Warner Bros. Discovery aims to compete, not “win spending war”

David Zaslav

David Zaslav does not believe that the merged Warner Bros. Discovery needs to outspend rivals such as Netflix and Disney on content in order to remain competitive.

“Our goal is to compete with the leading streaming services, not to win the spending war,” said the Discovery president and CEO on an investor call yesterday, following the company’s latest earnings report, with the company posting Q4 revenues of $3.2bn, up 10-11%, excluding currency movements.

“You’re not going to see us come in and go, all right, we’re spending $5bn more,” added Zaslav, seemingly referring to the newly rebranded Paramount Global’s recent content spend pledge.

Zaslav, who will lead the combined entity, shared his doubts that more original content would necessarily translate to increased revenue.

“If you look at what Casey [Bloys, HBO & HBO Max CCO] is doing with HBO. So he has Euphoria right now, he just had Succession, he has the period drama, The Gilded Age going right now. Would HBO be doing a lot better if it had three more really successful scripted series at this moment? It’s not clear that they would be,” said Zaslav.

“We want to compete against Disney and Netflix, but we are very different. Disney has a group of people across the world that absolutely love their product. Netflix has a very broad appeal product.”

Zaslav instead described Discovery’s offering as “nourishment” and Warner’s content as “shock and awe,” suggesting that the combination was “a really compelling menu.”


Funnel models

The wide-ranging call, which also touched on the impact that Russia’s invasion of Ukraine could have on Discovery’s business in the region (CFO Gunnar Wiedenfels said any potential financial impact would be an “immaterial proportion”), also saw Zaslav address Wall Street concerns about the streaming business model.

Investor anxiety follows Netflix’s low subscriber growth forecasts last month and the 20% drop in Paramount share prices last week following its increased streaming focus and rebrand.

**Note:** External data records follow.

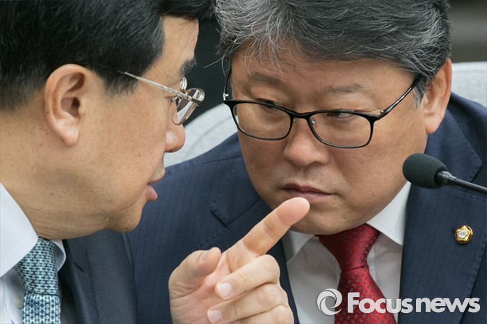 | △ 김정훈(왼쪽) 새누리당 정책위의장과 조원진 원내수석부대표가 13일 오전 서울 여의도 국회에서 열린 주요당직자회의에 참석해 대화하고 있다. <사진제공=포커스뉴스> |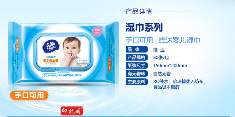 维达(Vinda)婴儿湿巾VW2004手口湿纸巾80片/包 抽取式湿纸巾 5包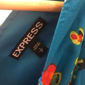 Express size small. Wore twice to weddings. Silky lining makes it very comfy. Also selling a statement necklace that goes well with the dress!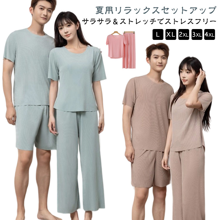 上品 リラックス 涼感 さらっと セットアップ ルームウェアレディース ワイドパンツ半袖tシャツ上下セットメンズ半ズボン部屋着春 夏 春夏 冷感 ギフト プレゼント 半袖 パンツ パジャマ 外出 服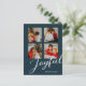 Joyful Modern Minimalist Blue Script 4 Photo Holiday Postcard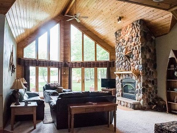The Getaway Chalet on Eagle Lake-3 bed/2 bath chalet on 113' of LEVEL sandy frontage! As you enter the newly updated and refurnished home, you are welcomed by a large, open living space with walls of windows that overlook 572 acre Eagle Lake. Eagle Lake is a full recreation, Class A Musky lake, part of the famous Eagle River chain. As you enter the lake, it is only 2-3 feet deep for the first 10-15 yards so it makes a great place for children to hang out in and play. Sit around the fire pit and roast marshmallows, or lay back in the hammock and enjoy the lakeside breeze. Life doesn't get any better than this! There is a 4 car detached garage, perfect for storing all those up north toys. This home has a great rental history and all furnishings, furniture and appliances are included!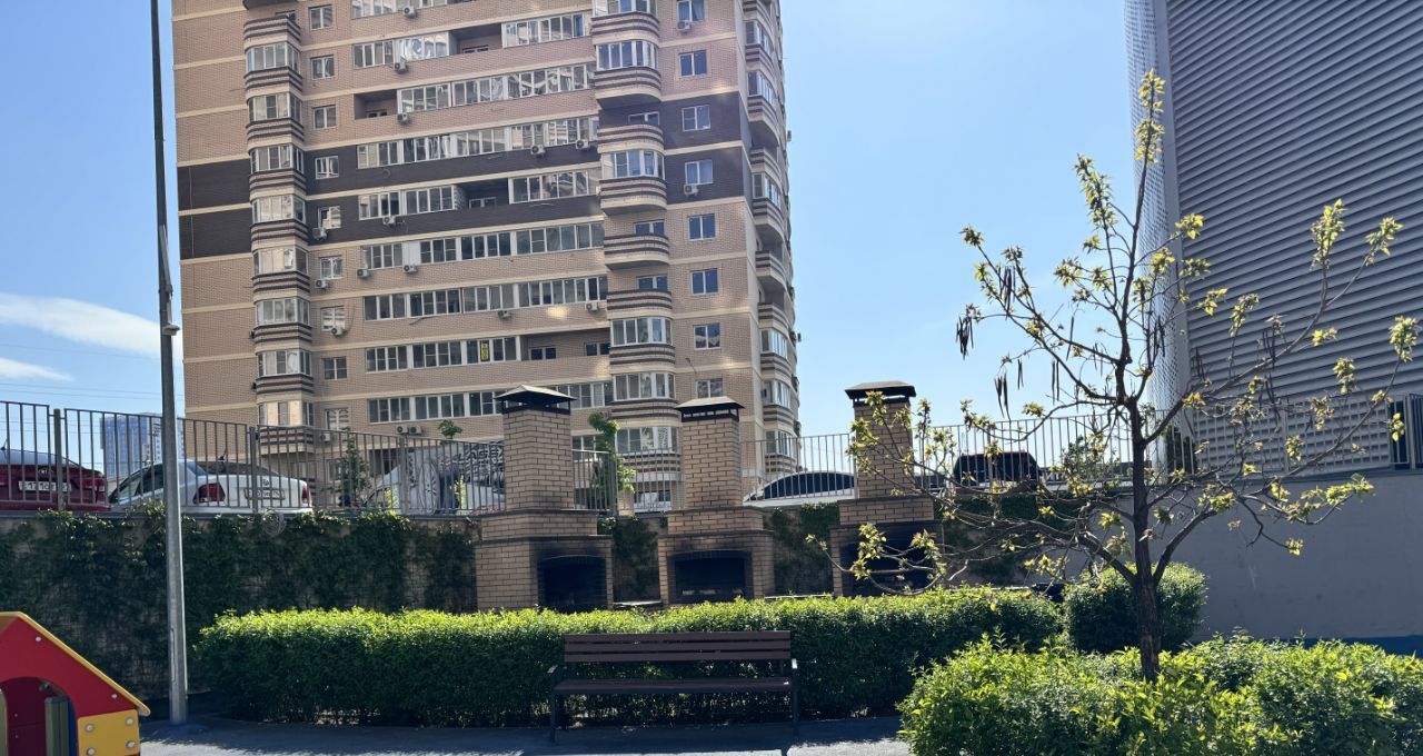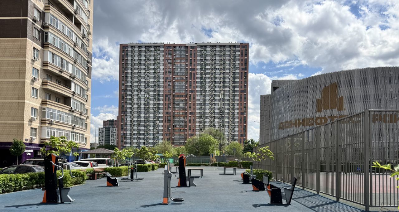 На территории комплекса мангальная зона,детская и спортивная площадки,множество кофеен,магазинов,аптек,пунктов выдачи.
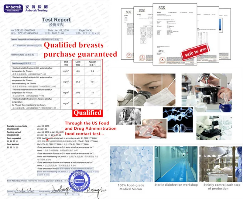 Наши силиконовые формы груди продукты проходят строгий контроль качества, и он прошел сертификацию качества SGS. Он соответствует стандартам Управления по контролю пищевых продуктов и лекарственных средств США для тестирования контакта с пищевыми продуктами. Наши силиконовые формы груди продукты изготовлены из 100% пищевого медицинского силикона, который является самой кожей с человеческой кожей. Подобные вещества, нетоксичные и безвкусные, не раздражают кожу и не оказывают никакого влияния на ваше здоровье. Напоминание: низкий кремнезем может вызвать покраснение, зуд и язву на вашей коже, поэтому вы не должны выбирать Дешевые формы нижней силиконовой груди.

Zaslav made it clear to investors that the combined business will not be solely focused on an SVOD model.

“I think there are a number of players that are very tied to this idea of subscription only,” he said, explaining that the streaming strategy will feature three “funnels.”

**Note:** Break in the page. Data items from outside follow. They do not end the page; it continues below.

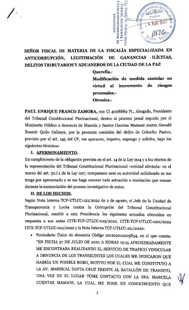 Informó que, el día de ayer, jueves 4 de agosto a horas 10:16 presentó en Plataforma de Atención al Público de la Fiscalía Departamental de Chuquisaca, la querella contra el ex servidor de esa institución, Oswald Roamir Quilo Calizaya.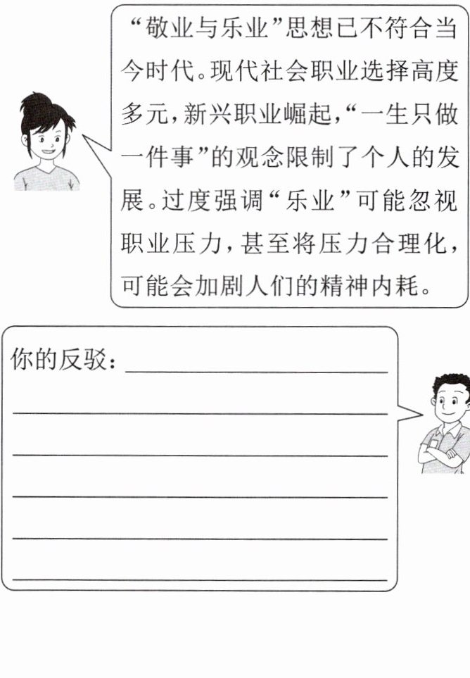10. (创意表达)学完《敬业与乐业》一课后,某班就“敬业与乐业是否已过时”开展辩论,下面是反方同学的观点,请你用课文《敬业与乐业》中的观点反驳她。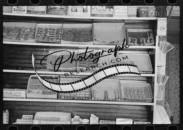 Display of candy in store,La Forge,Missouri,MO,Farm Security Administration,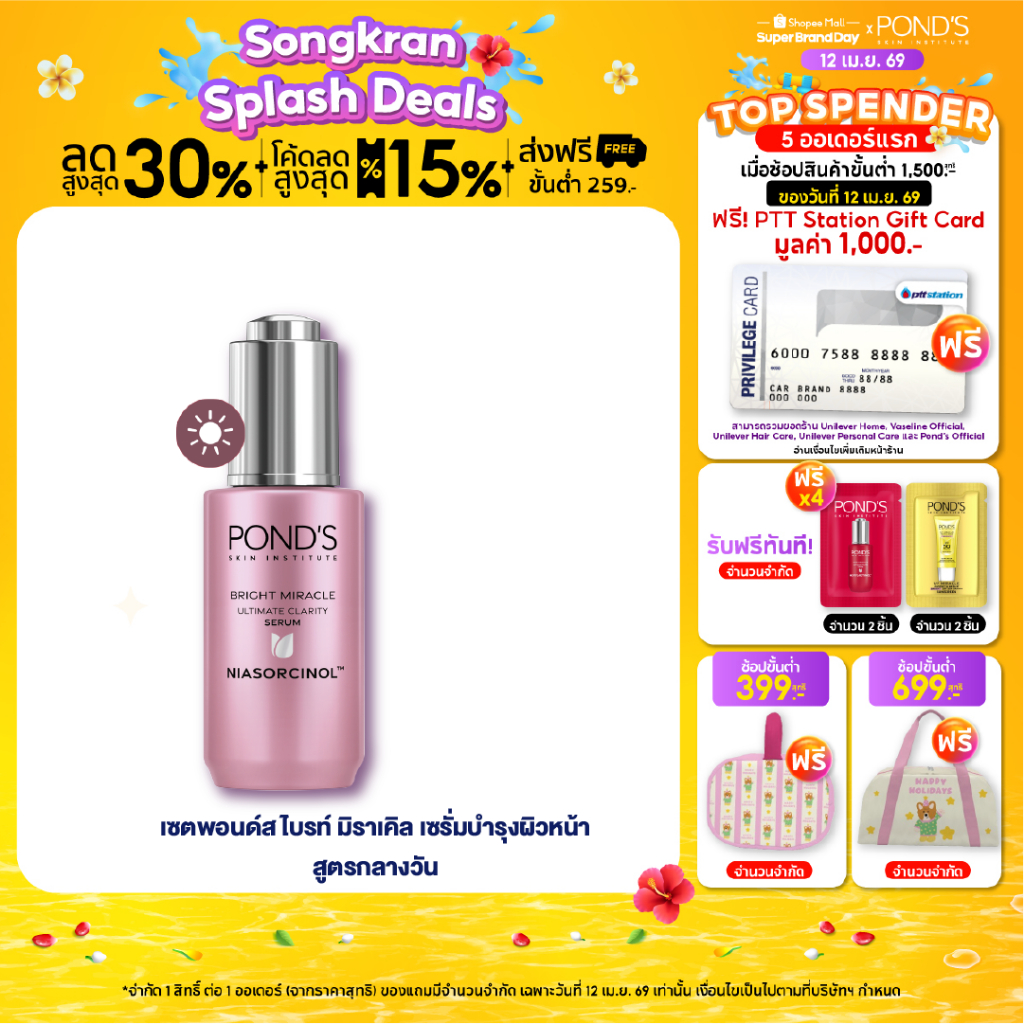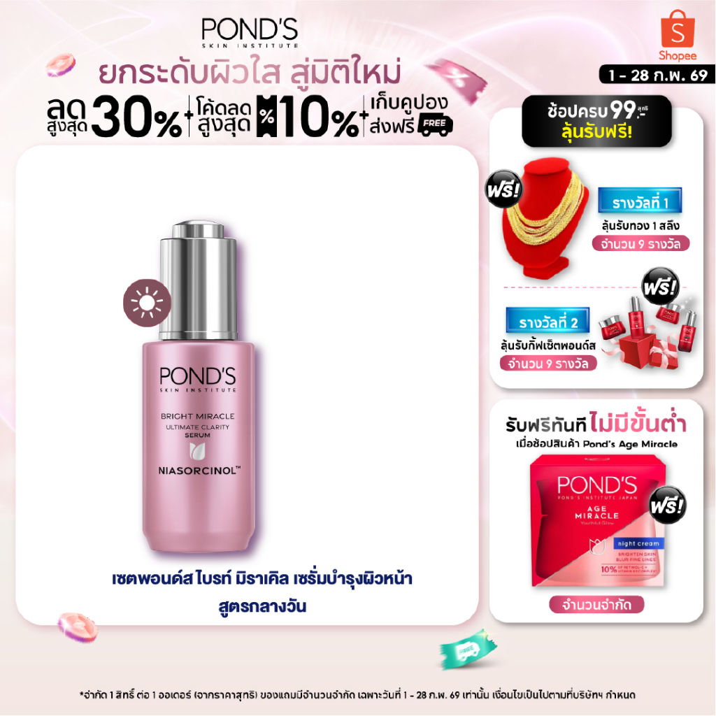 พอนด์ส ไบรท์ มิราเคิล เดย์ เซรั่ม เซรั่มหน้าใส ลดจุดดำ ผิวใสใน 3 วัน ไนอาซอร์ซินอล 30 ก.

“Ultimately you could see a subscription-only service, an ad-light service and then a free digital service that everybody can go to,” said Zaslav.

The Discovery exec said that the free digital service would come last, explaining: “It’ll have very different content than the subscription or ad-light, but there will be people that do not want to pay and they’ll want to watch content. And who has more content than Warner Bros Discovery? Figuring out how to do that will be one of the strategic initiatives.”

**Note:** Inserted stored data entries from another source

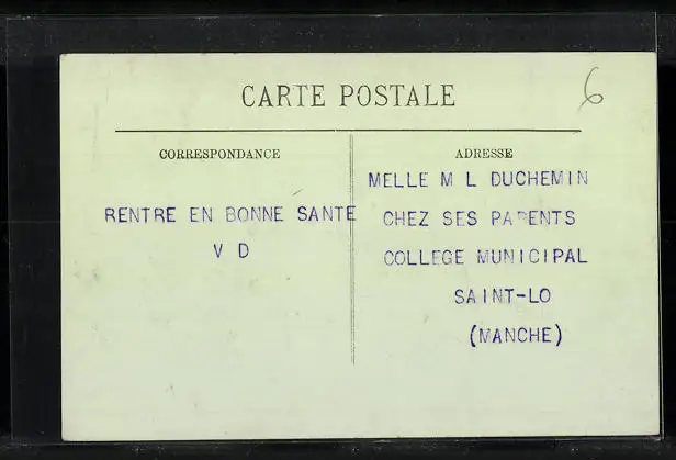 Personenbezogene Daten auf der Rückseite der Karte wurden durch blauen Textmarker unkenntlich gemacht. Die blauen Stellen sind auf die Vorderseite durchgeweicht und wirken sich negativ auf das Postkartenfoto aus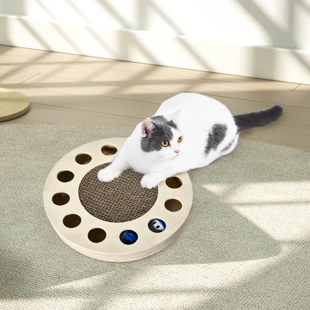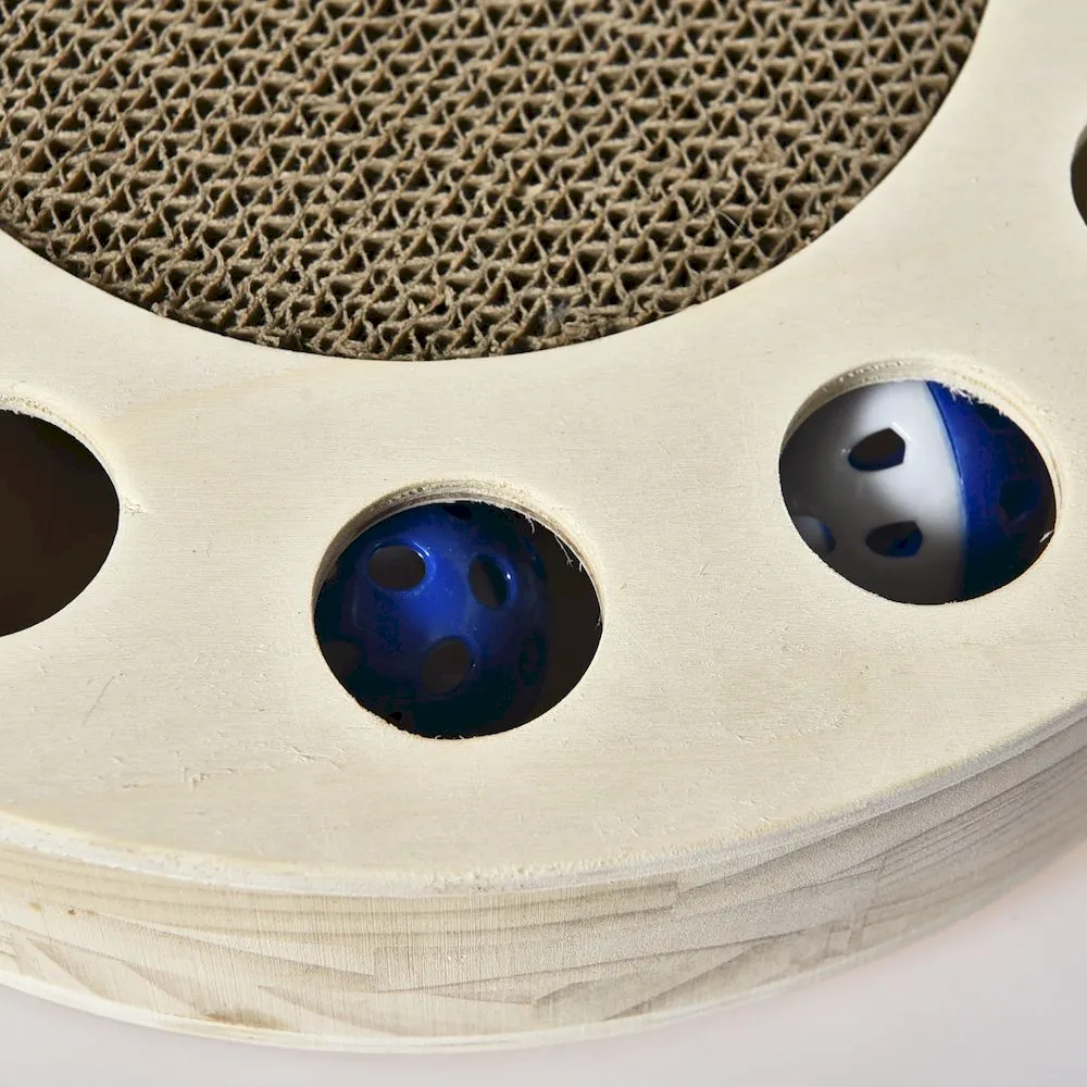 2. Interactive Play with Rolling Ball. Enhancing the playfulness of the scratch toy, we’ve incorporated a rolling ball. This interactive feature adds an element of fun and engagement for your cat. As your feline friend scratches, paws, and interacts with the corrugated board, the rolling ball provides additional entertainment, promoting physical activity and mental stimulation.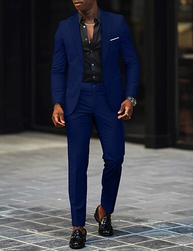 Uomo Smoking Completi Feste Blu verde Nero Primavera, Autunno, Inverno, Estate Tuta Dentellato Bavero classico Moda Casual Tinta unita Vestibilità aderente 2 pezzi Monopetto Due Bottoni
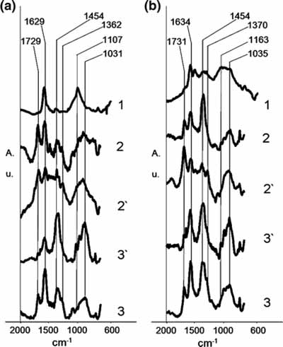 圖2:活性炭-A(a)和活性炭-B(b)的FTIR光譜:初始(1),吸附(2-3)和電化學(xué)環(huán)化(2',3')從含有4-氯苯氧基乙酸的電解質(zhì)溶液。

Deal approaching completion

The $43bn merger between AT&T-owned WarnerMedia and Discovery cleared US antitrust legislation earlier this month, paving the way for the deal to be completed by the close of Q2.

Zaslav is set to move to LA to run the giant entity, but little detail has yet been revealed on the exec set-up while the merger progressed through regulatory proceedings.

WarnerMedia and Discovery first revealed the shock-merger in May last year, subsequently confirming that the enlarged outfit would be known as Warner Bros. Discovery.

It will own one of the deepest libraries in the world with nearly 200,000 hours of programming and will also house both recently launched streamers HBO Max and Discovery+.